§ **Data section**:

+---+

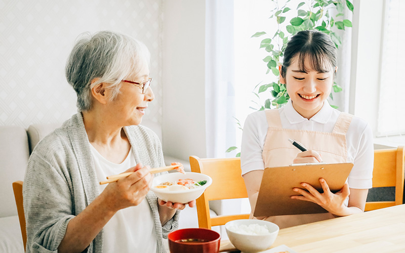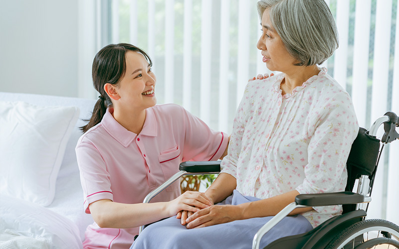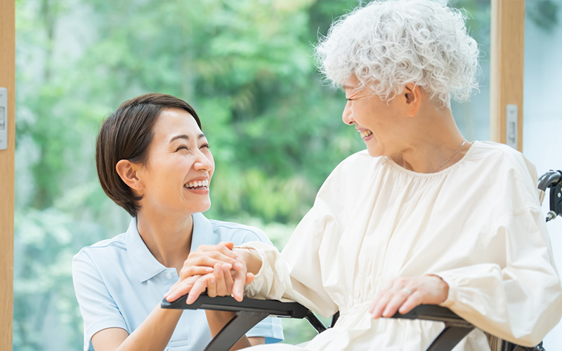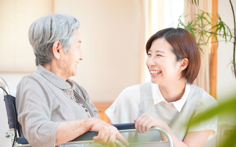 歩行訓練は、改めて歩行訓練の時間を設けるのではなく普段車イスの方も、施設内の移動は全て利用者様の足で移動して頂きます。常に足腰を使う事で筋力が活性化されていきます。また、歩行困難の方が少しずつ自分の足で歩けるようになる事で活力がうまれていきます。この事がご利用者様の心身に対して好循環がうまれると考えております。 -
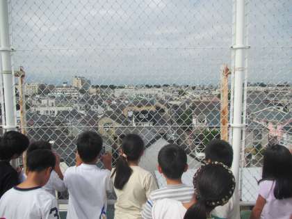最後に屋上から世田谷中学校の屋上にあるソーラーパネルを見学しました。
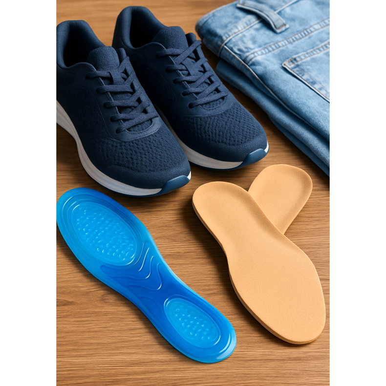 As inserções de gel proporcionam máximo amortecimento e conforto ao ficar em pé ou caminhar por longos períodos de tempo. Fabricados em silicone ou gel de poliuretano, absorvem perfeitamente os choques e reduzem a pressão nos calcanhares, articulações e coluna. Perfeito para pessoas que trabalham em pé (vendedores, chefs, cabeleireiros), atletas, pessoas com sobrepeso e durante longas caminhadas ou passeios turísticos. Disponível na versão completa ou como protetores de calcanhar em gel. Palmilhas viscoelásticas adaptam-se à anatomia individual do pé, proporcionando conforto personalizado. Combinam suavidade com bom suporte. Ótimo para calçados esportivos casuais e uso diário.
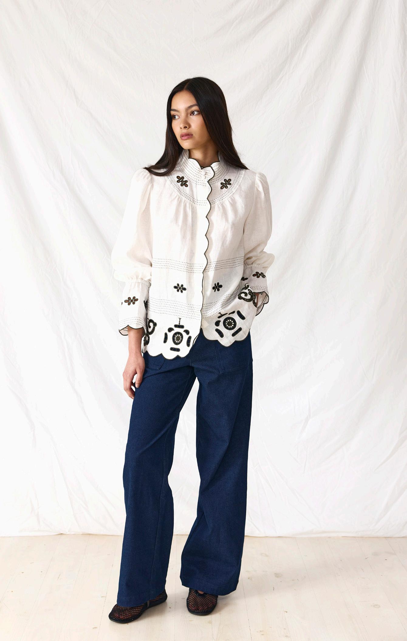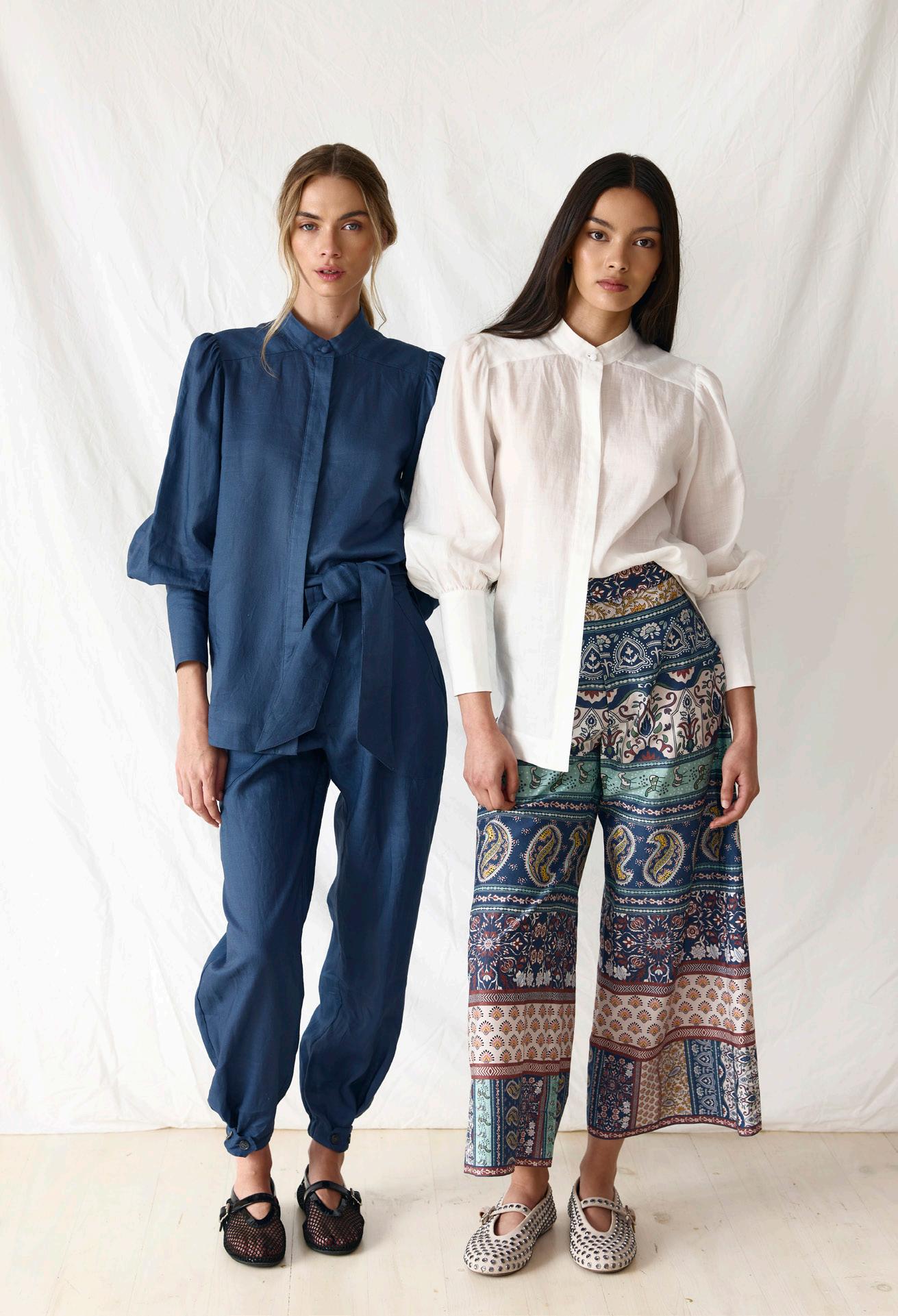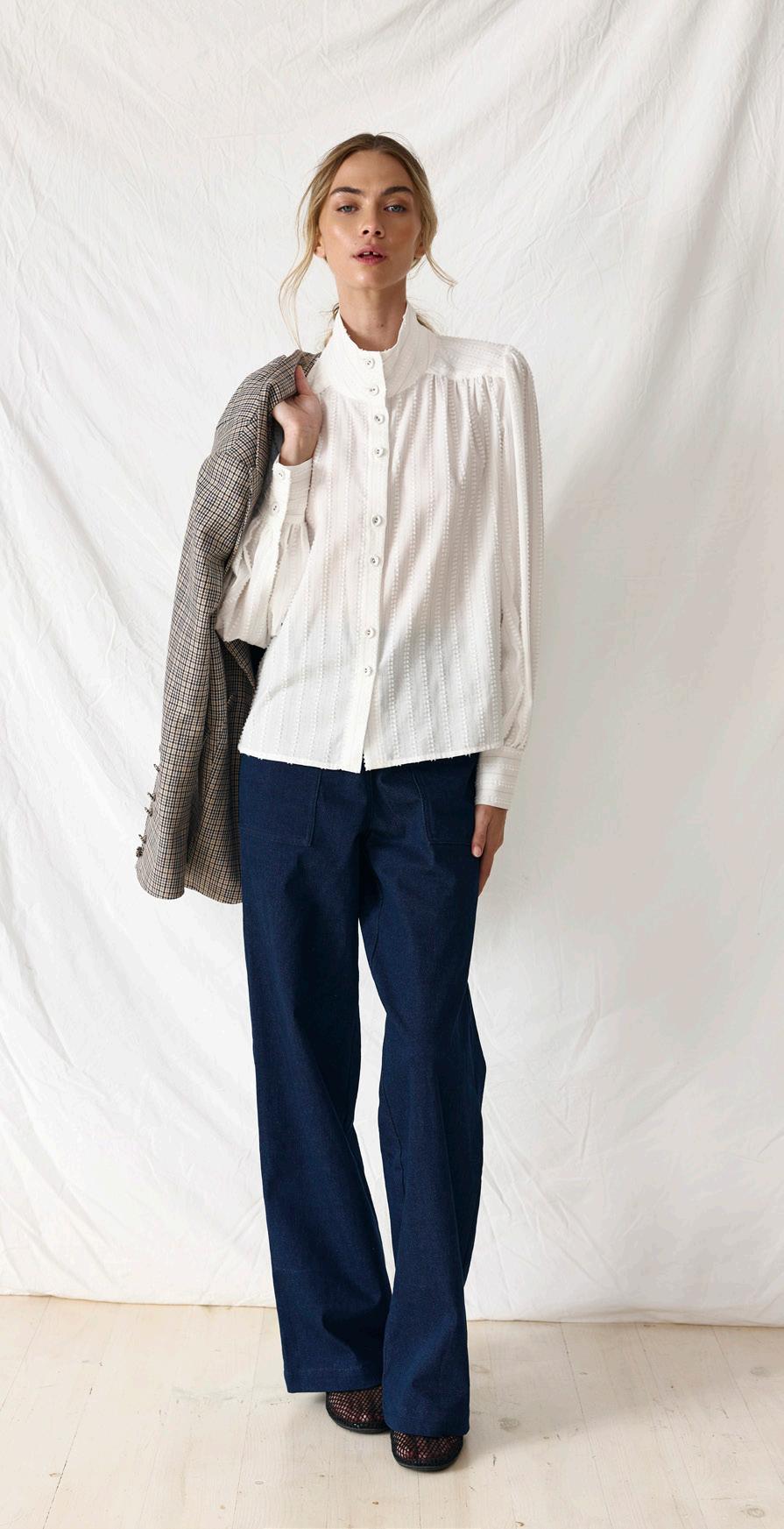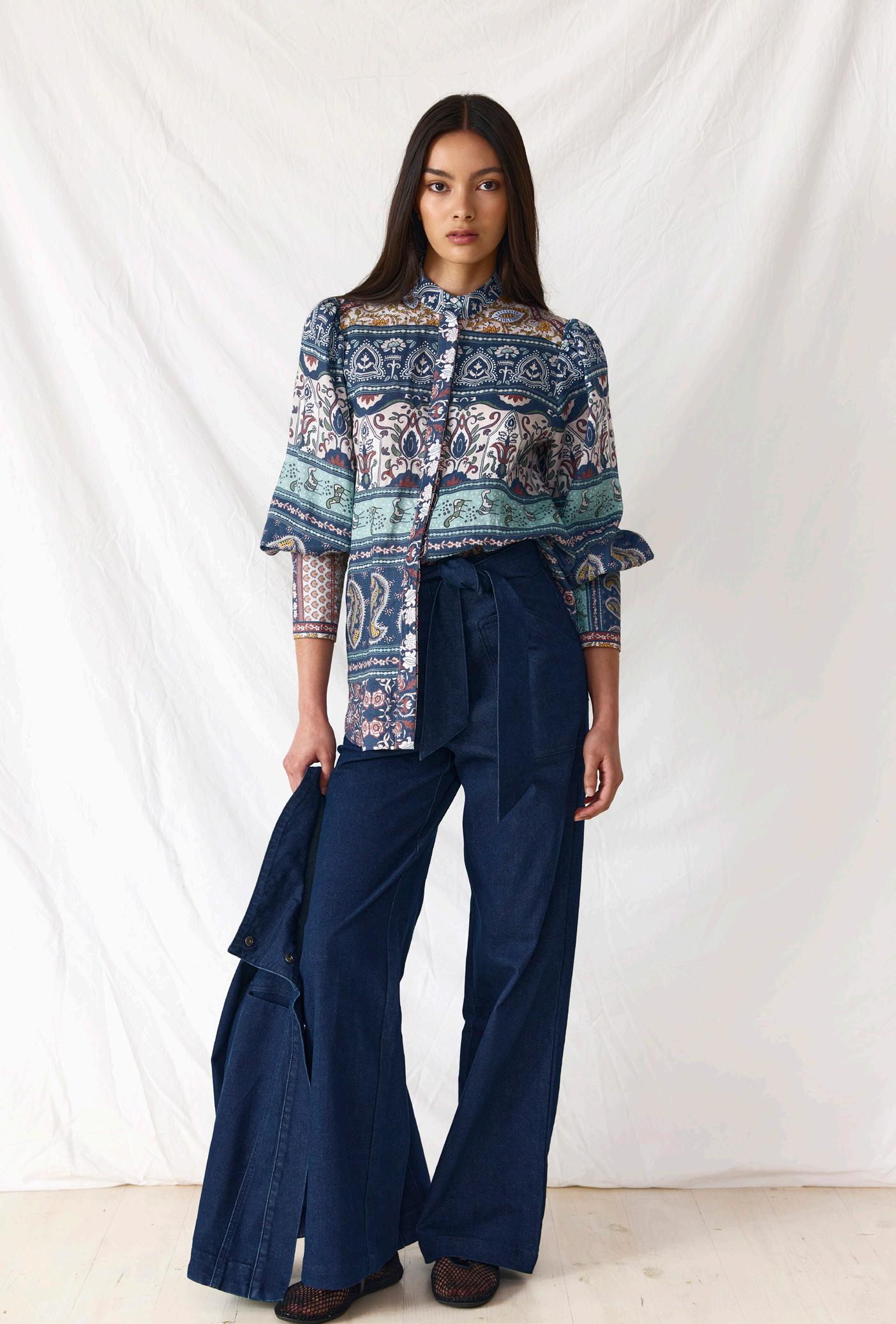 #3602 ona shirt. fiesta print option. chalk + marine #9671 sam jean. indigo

+---+

§ **Work instructions**: The whole listing above must be returned exactly as written, with no pictures carried over.

§ **Result below**:
 歩行訓練は、改めて歩行訓練の時間を設けるのではなく普段車イスの方も、施設内の移動は全て利用者様の足で移動して頂きます。常に足腰を使う事で筋力が活性化されていきます。また、歩行困難の方が少しずつ自分の足で歩けるようになる事で活力がうまれていきます。この事がご利用者様の心身に対して好循環がうまれると考えております。 -
最後に屋上から世田谷中学校の屋上にあるソーラーパネルを見学しました。
 As inserções de gel proporcionam máximo amortecimento e conforto ao ficar em pé ou caminhar por longos períodos de tempo. Fabricados em silicone ou gel de poliuretano, absorvem perfeitamente os choques e reduzem a pressão nos calcanhares, articulações e coluna. Perfeito para pessoas que trabalham em pé (vendedores, chefs, cabeleireiros), atletas, pessoas com sobrepeso e durante longas caminhadas ou passeios turísticos. Disponível na versão completa ou como protetores de calcanhar em gel. Palmilhas viscoelásticas adaptam-se à anatomia individual do pé, proporcionando conforto personalizado. Combinam suavidade com bom suporte. Ótimo para calçados esportivos casuais e uso diário.
 #3602 ona shirt. fiesta print option. chalk + marine #9671 sam jean. indigo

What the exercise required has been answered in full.